Many people think Mother’s Day is the same all over the world. But the Irish Mother’s Day actually comes from a completely different tradition and is celebrated in March.
Let’s get one thing straight. Mother’s Day in its modern form is an American invention. It was first celebrated in 1908. A woman called Anna Jarvis held a memorial for her mother on the second Sunday in May, and tried to communicate with those around her just how special her mother was.
Jarvis’ mother, also called Anna, founded several Mothers’ Day Work Clubs with the aim of improving conditions for the less privileged in their community. Anna Snr also looked after soldiers from both sides of the American Civil War. She treated wounds, fed, and clothed them. She was a powerhouse of helpfulness and compassion.
Anna Jnr wanted her mother and indeed all mothers to be recognised for their hard work. So she started campaigning for Mother’s Day to become an important day of recognition. By 1914 her campaign had succeeded and Mother’s Day became an official day on the American calendar. Its popularity soared, spreading like wildfire across the modern, western world.
A Sad End
But alas, by 1920 Anna Jarvis Jnr was horrified by what the day had become. She was repulsed by its already-commercial nature. She started her own company, which became the legal owner of the phrases Second Sunday in May and Mother’s Day. Anna and her sister Ellsinore spent their family inheritance campaigning against what the holiday had become. But it went totally wrong for them: they both died in poverty and not many people were convinced by their argument.
According to her New York Times obituary, Jarvis died feeling bitter at what was initially a great achievement. She despaired that Mother’s Day was now a day for the greeting card industry. She said, “A printed card means nothing except that you are too lazy to write to the woman who has done more for you than anyone in the world. And candy! You take a box to Mother—and then eat most of it yourself.”
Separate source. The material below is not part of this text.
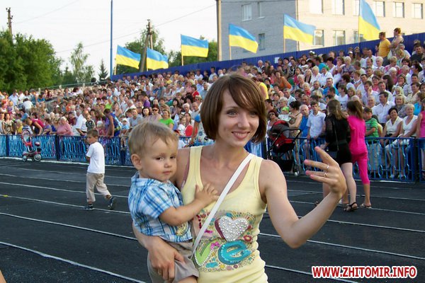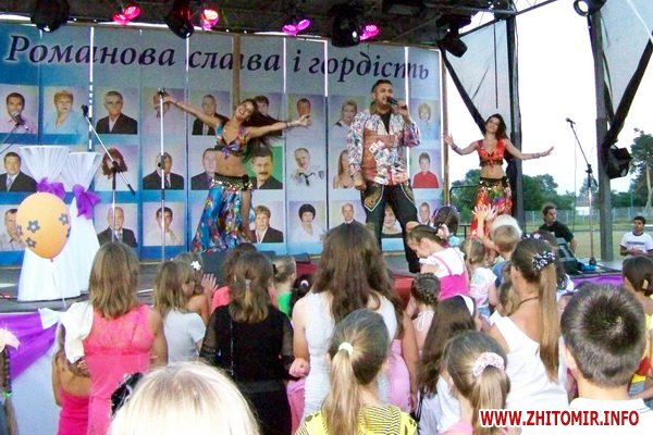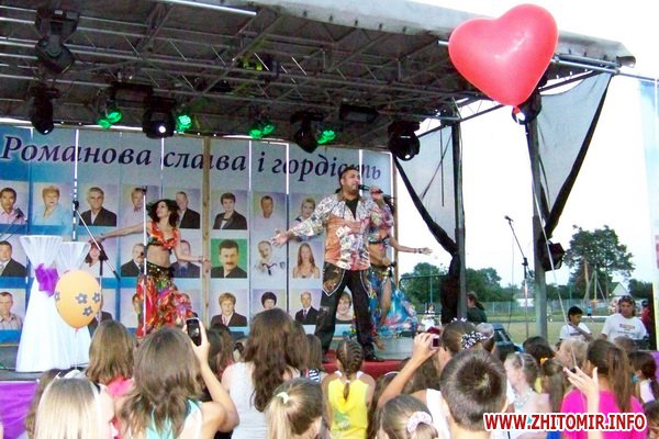 Однак справді день став святковим та веселим, коли на сцену піднялися Анна Бєлкіна та Любомир Чермак – вокалісти групи «НЕКСІ», фіналістка конкурсу Голос країни тернопільчанка Мар’яна Нестайко та, у супроводі шоу-балету «ВІВА-ДЕНС», Петро Чорний – скромне «чорне золото України». Їх зачаровуюча концертна програма, святковий феєрверк – це подарунок землякам від депутата Житомирської обласної ради, Почесного громадянина Романова Віктора Развадовського, який цього дня за критерієм людяності був визнаний переможцем у номінації «Відкрите серце».

Perhaps the saddest thing of all was that Anna Jnr – the woman who started the modern world’s version of Mother’s Day – was never a mother herself. She died alone and poor and the greeting card industry got a lot richer.
The Irish Mother’s Day
This sad story is very different to the story behind the Irish Mother’s Day. In Ireland, the day marked for this celebration, called Mothering Sunday, was actually a nod to the Mother Church. Now of course, the two days have merged, but in Ireland more of the day’s origins has remained.
Mothering Sunday, as celebrated in Ireland, falls on the 4th Sunday in Lent (a six-week Christian period of fasting and repentance prior to to Easter Sunday). It was a celebration of the Mother Church which was the main church or cathedral of a region.
In 16th Century Ireland, people were expected to go to their mother church on Mothering Sunday. A special service was held and those taking part – pretty much everyone – were said to have “gone a-mothering.”
A Day for Families
In later times, as large numbers of people took jobs as servants to the wealthy, Mothering Sunday became a welcome relief from the daily grind. Domestic servants were given a day off to visit their mother church, usually with their own mothers and other family members. It was often one of the few days in a year when whole families could get together, since on other days they had conflicting working hours.
The children who worked in different residences to their mothers would walk to their mother’s mother church. They would pick wild flowers along the way to place in the church or give to their mothers. Eventually, the religious tradition evolved into the tradition of people giving gifts to their ACTUAL mothers.
By the 1920s, as servant life started to fade out, the custom of Mothering Sunday had lapsed somewhat in Ireland. However, it is often still called Mothering Sunday, and the date is kept firmly inside the Lent schedule, on the fourth Sunday in Lent. Concepts from the American version have blended with the original Irish version.
Easter Cake
In Ireland, Mothering Sunday is also called Simnel Sunday. And why? Because it was a tradition to bake a Simnel cakes to celebrate the reuniting of families during the austerity of Lent. Because there is traditionally a relaxation of Lenten vows on this particular Sunday, in celebration of the fellowship of family and church, the name Refreshment Sunday is sometimes used too. And of course, the only way to spend the day with an Irish mammy is with some kind of cake!
Sinmel cake was baked by young girls in domestic service, with ingredients provided by their employers. The girls would bring the cakes home and ‘mother’ their mothers on this day. The meaning of the word “simnel” is unclear: there is a 1226 reference to “bread made into a simnel” which is understood to mean the finest white bread, from the Latin simila (fine flour).
Simnel cake is a light fruit cake with two layers of almond paste or marzipan (one in the middle and one on top). Before being eaten, it is lightly toasted under a grill. The top of the cake is decorated with eleven marzipan balls and the idea is that they represent the twelve apostles minus Judas. This tradition developed late in the Victorian era. The cake is made from white flour, sugar, butter, eggs, fragrant spices, dried fruits, zest and candied peel. Different towns have their own recipes and shapes of the Simnel cake.
Happy Mother’s Day to Mammies everywhere – and especially to all the Irish mammies.